A verbatim copy is needed of the lines below from the one containing "此外游戏助手也提供了丰富的功" up to and including the one containing "お尻フリフリ、斜め横っ飛び、遊び大好き。 人が大好きなひと月半くらい(病院曰く)仔猫です。 |", excluding pictures.

## Provided material
━━━━
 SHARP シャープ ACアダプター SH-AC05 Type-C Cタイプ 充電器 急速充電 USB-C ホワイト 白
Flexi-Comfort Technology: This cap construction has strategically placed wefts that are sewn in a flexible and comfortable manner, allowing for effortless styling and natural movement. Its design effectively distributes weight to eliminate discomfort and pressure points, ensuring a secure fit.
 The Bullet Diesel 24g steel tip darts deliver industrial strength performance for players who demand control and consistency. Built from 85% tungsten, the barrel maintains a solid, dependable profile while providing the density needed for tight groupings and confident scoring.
━━━━
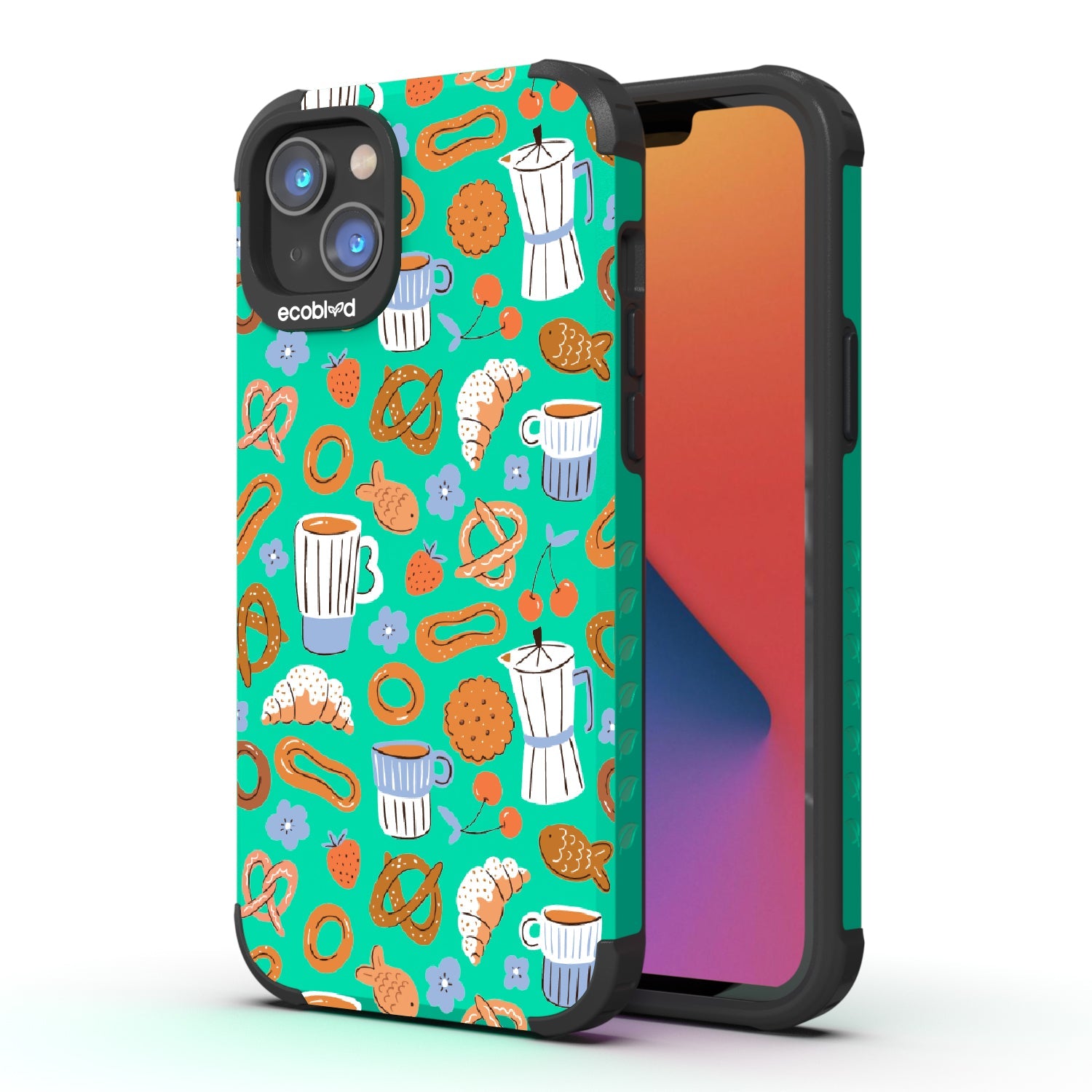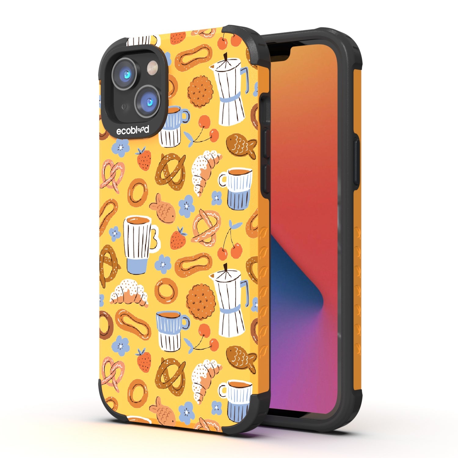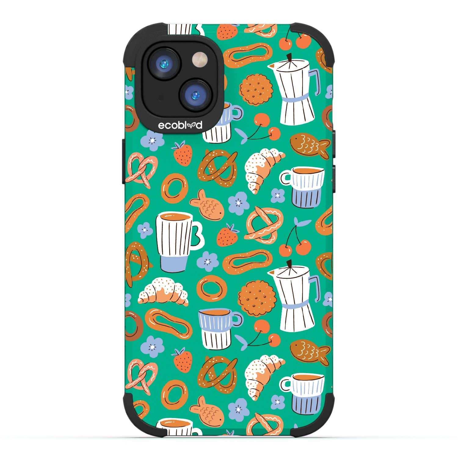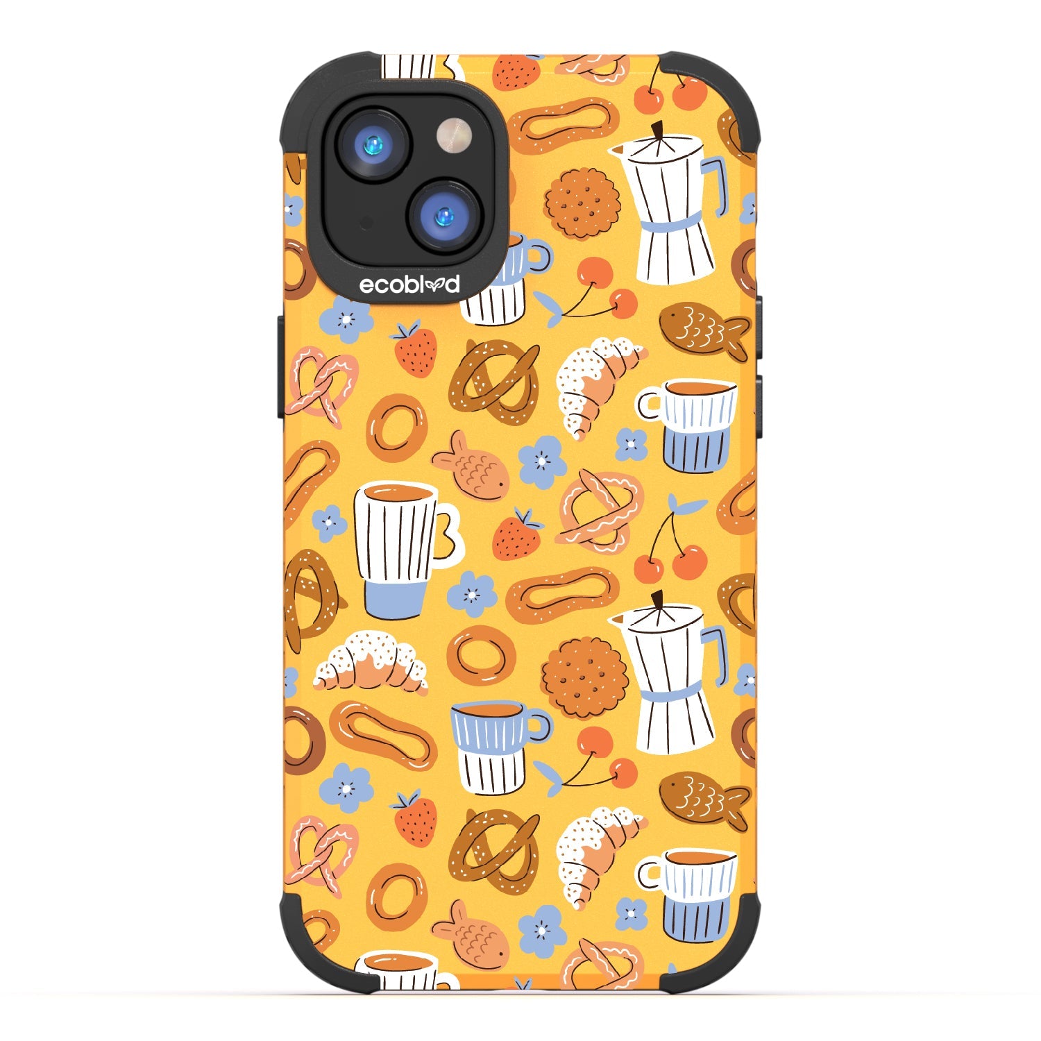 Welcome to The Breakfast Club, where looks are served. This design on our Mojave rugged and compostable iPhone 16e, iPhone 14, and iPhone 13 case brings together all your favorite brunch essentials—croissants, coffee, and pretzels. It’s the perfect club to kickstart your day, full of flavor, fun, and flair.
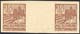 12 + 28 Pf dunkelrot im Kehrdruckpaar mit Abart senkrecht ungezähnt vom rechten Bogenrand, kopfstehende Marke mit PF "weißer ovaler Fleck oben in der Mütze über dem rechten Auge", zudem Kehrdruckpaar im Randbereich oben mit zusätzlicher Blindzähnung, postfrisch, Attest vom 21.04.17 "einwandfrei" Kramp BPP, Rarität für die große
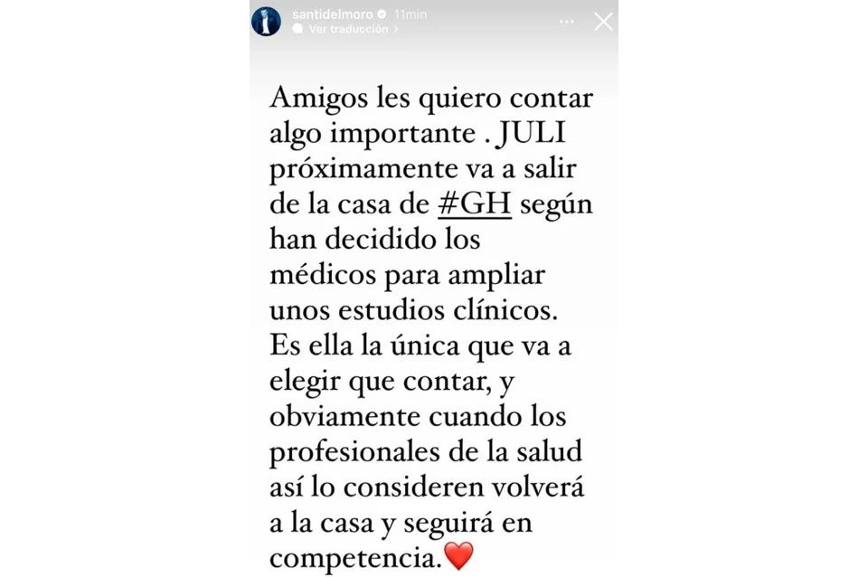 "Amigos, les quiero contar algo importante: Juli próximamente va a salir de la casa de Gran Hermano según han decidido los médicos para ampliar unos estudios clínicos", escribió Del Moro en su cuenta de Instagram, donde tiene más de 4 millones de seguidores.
━━━━
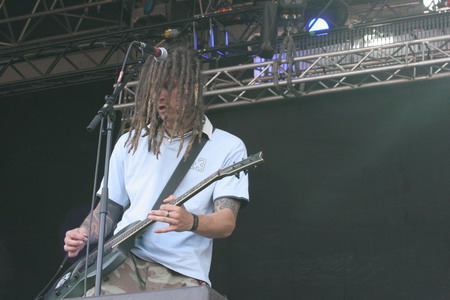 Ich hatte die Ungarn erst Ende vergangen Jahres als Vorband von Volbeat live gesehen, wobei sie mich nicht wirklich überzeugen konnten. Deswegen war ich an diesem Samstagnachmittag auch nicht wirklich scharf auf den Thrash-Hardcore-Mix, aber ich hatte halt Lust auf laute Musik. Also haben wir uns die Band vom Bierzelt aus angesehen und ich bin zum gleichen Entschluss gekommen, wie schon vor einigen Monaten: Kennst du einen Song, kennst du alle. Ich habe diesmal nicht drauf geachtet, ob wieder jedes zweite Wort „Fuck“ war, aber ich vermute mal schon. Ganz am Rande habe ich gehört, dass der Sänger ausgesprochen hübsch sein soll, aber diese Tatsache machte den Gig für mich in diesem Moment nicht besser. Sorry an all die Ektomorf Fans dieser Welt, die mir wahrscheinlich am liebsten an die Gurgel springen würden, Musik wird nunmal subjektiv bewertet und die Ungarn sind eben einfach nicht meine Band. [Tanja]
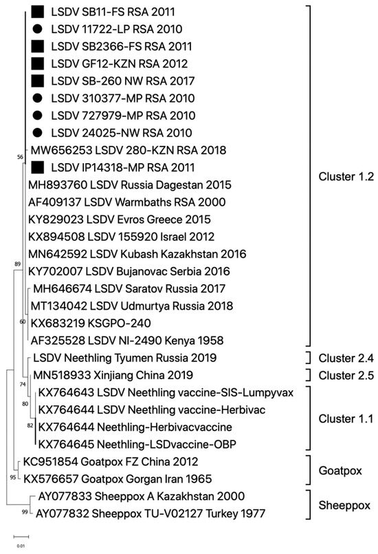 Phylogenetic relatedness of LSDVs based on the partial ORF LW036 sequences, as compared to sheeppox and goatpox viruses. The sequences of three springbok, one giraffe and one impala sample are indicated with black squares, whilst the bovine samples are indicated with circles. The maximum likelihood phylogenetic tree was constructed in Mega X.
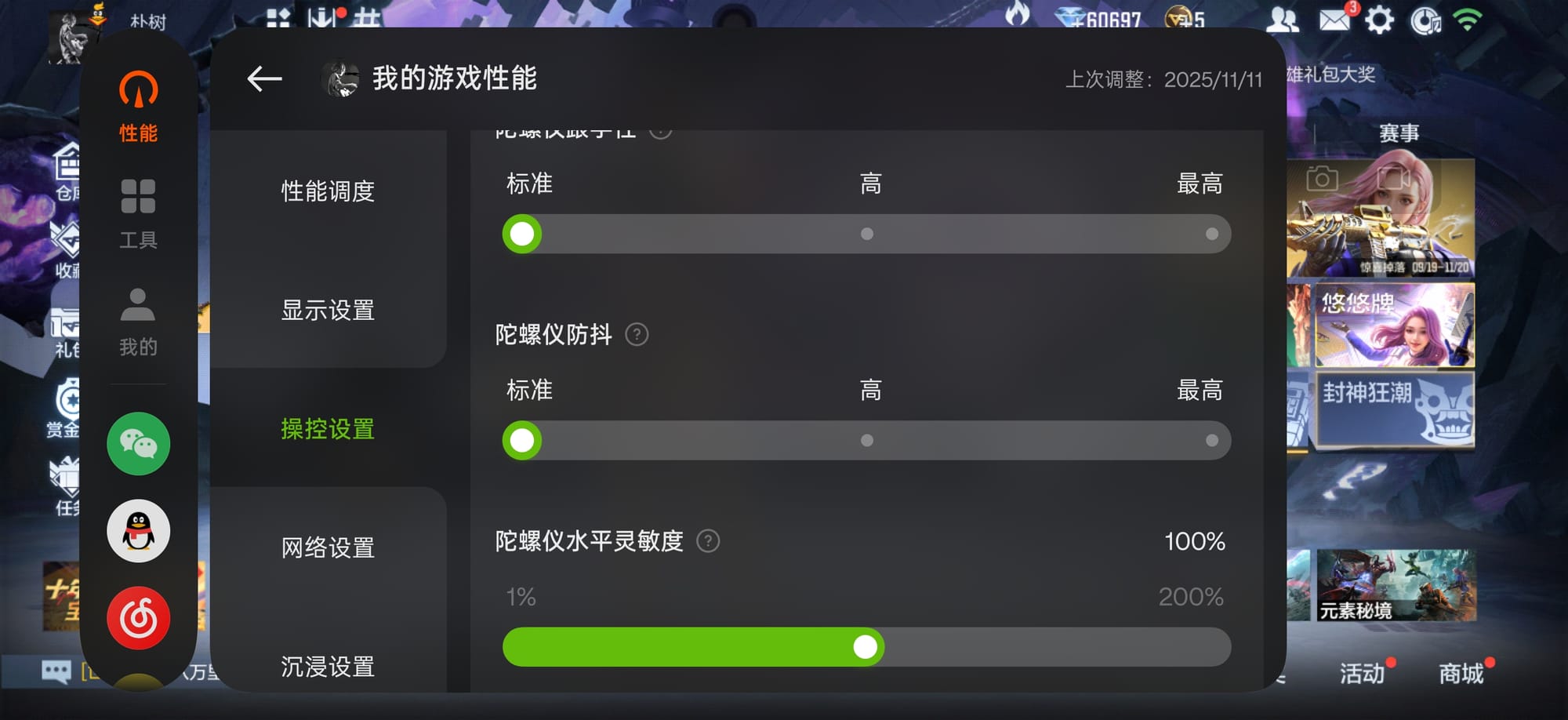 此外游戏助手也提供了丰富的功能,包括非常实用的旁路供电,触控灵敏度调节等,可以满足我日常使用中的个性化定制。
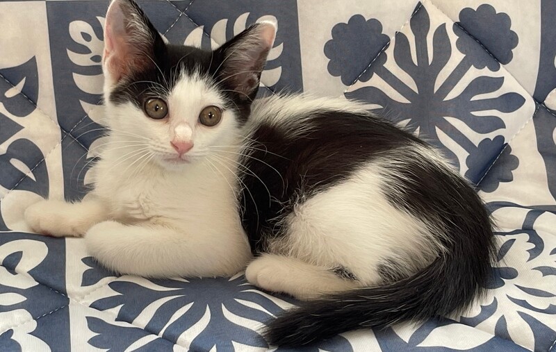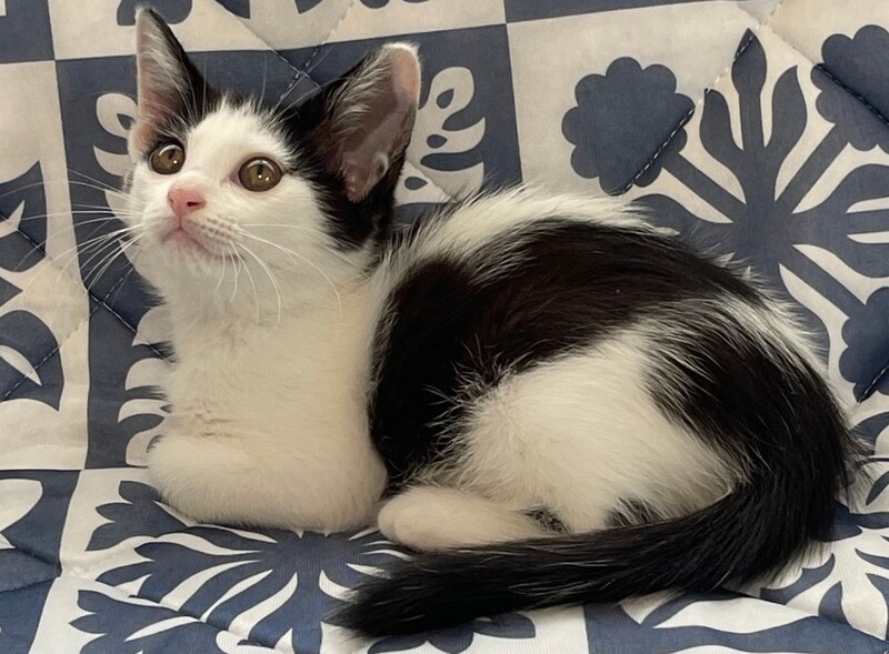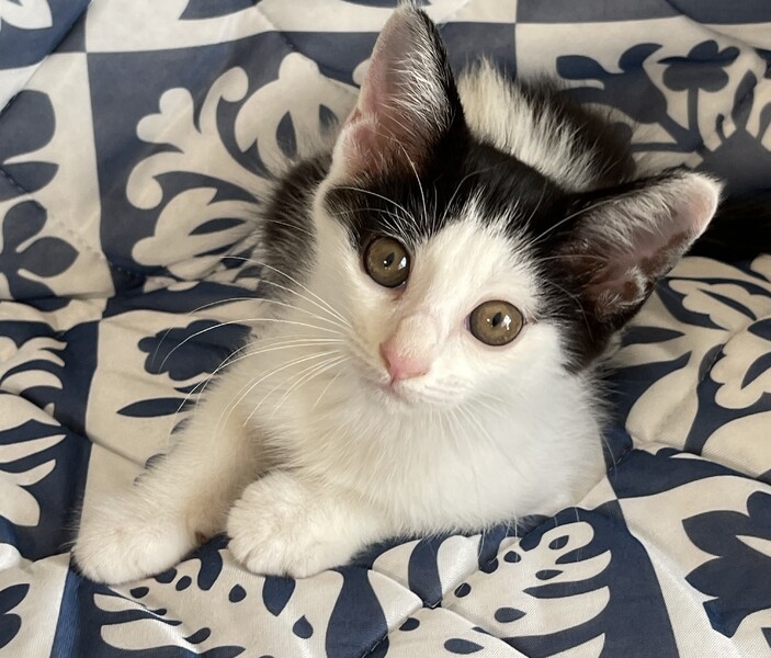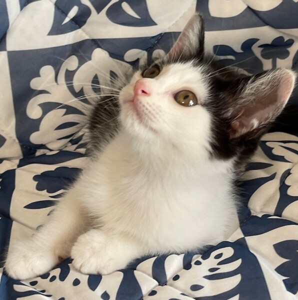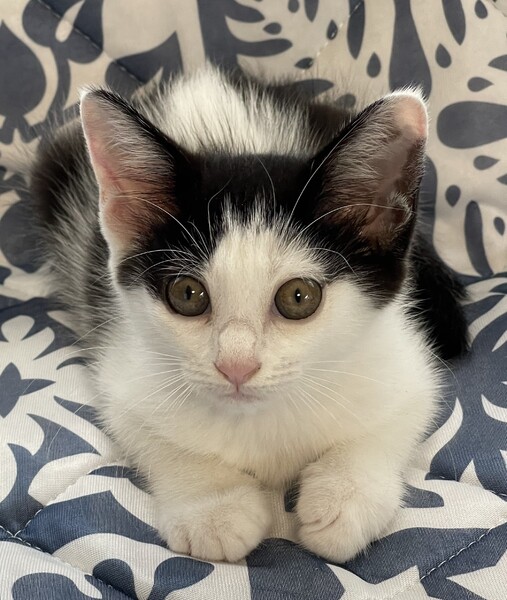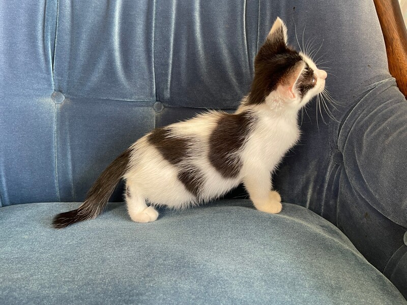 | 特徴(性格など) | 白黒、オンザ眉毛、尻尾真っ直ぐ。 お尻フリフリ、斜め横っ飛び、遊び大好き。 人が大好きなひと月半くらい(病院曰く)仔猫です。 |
━━━━
## Result
 此外游戏助手也提供了丰富的功能,包括非常实用的旁路供电,触控灵敏度调节等,可以满足我日常使用中的个性化定制。
 | 特徴(性格など) | 白黒、オンザ眉毛、尻尾真っ直ぐ。 お尻フリフリ、斜め横っ飛び、遊び大好き。 人が大好きなひと月半くらい(病院曰く)仔猫です。 |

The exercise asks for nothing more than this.